Not that I'd do that, nope.
It's the summarising of large datasets that I could see this tool being useful for. Though I doubt everyone has such a need for that. The average PC user might not fancy a 100GB app to tell them what they already know. But, say you're working with a huge amount of responses to a survey and you want to quickly get an idea of the general thoughts and feelings of those who answered, this is one easy way to do it. But it is best used with caution and as only a guide to the inputted dataset, not as a way to accurately analyse it fully.
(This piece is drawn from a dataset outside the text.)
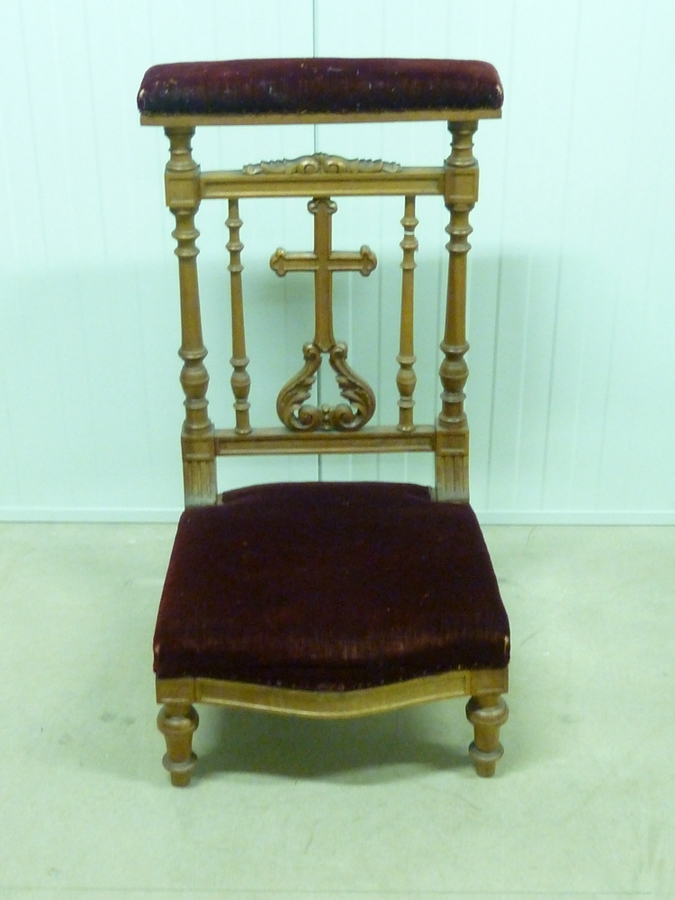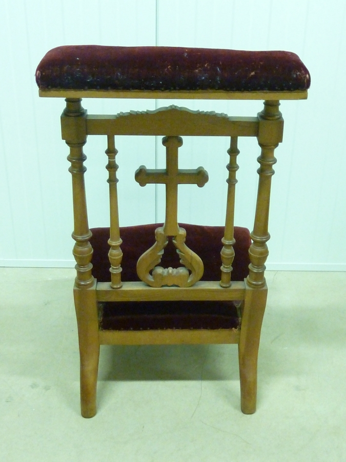 Bidstoel met rode bekleding en open houtwerk met in het centrum een kruis

The other people it might appeal to are those that prefer to keep their content out of the cloud. The idea of asking an AI hosted God-knows-where to handle files that could contain sensitive information, or manuscripts for your big action movie idea, isn't that appealing to many. We've already seen what this looks like when it goes wrong courtesy of Samsung's employees. That's why a locally-run tool such as this might instead appeal.
The other use for Chat with RTX is to feed it YouTube videos then query it on the contents. I grabbed an episode of Chat Log, a podcast hosted by my colleagues Lauren Morton and Mollie Taylor, and fed it into the machine. The episode is titled 'Does the Steam Deck suit out PC gaming lifestyle so far?'
I asked, 'Is the Steam Deck easy to use day-to-day?' and a response prints out that sums up Lauren and Mollie's conversation with Tyler Colp on the matter.
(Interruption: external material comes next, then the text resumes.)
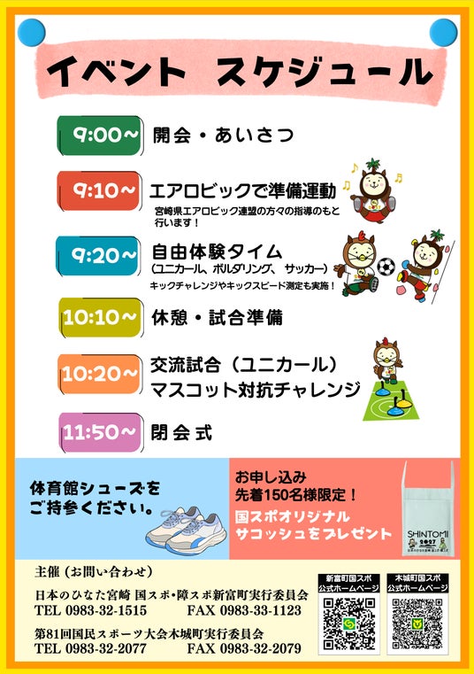 当日は、国スポ競技を「見て・やって・楽しむ」体験型イベントをご用意!新富町ではサッカー・ユニカール、木城町ではボルダリング・エアロビックを体験できます。

I also then asked the obvious question, 'Does the Steam Deck suit their PC gaming lifestyle so far?' The response:
This feature works by downloading the transcript of the YouTube video, ingesting it, and using RAG to respond appropriately to a user's questions. It definitely appears to generate good summaries of a YouTube videos with plenty of talking, though due to the reliance of transcripts, you can't feed it anything that relies on visual information. Feed it the Grand Theft Auto VI trailer with next to no words throughout and you'll get nothing out of it.
I'm not so sure about the YouTube usage. On the one hand, I could see it being useful for a summary of a long live stream or event which you don't have time to watch yourself, though it's a chunky application to have around for those few instances where that's a thing. Similarly, the YouTube creator doesn't appear to get a view out of this, and I tend to fall in the 'AIs scraping information from creators online and offering nothing in exchange will break the very core of the internet as we know it' camp. This application alone might not make much of a difference, but I do strongly believe if you want the information provided by someone, you should at least support them creating more like it.
Anyways, the YouTube stuff takes a backseat for me with Chat with RTX. It's the mass local text file digestion that feels the most important piece of the software. As an application, it's pretty snappy. It generates responses swiftly once you hit send on a query. Though it does appear to gobble up around 85% of my VRAM—you need to be sure to close it properly with the off switch to release that back to the PC once you're done with it.
Chat with RTX is a fun concept, and a good way for Nvidia to show what's inference locally on its GeForce cards can do, but I'm not sure I'm going to keep it around on my PC. For one, it's absolutely massive due to the huge model data, but more so because the actual practical uses are pretty limited for me, personally.
Perhaps some clever clogs will come up with new and exciting ways to put it into practice now that it's available to the world. That could be you, providing you have the proper hardware. You can download Chat with RTX to try for yourself today.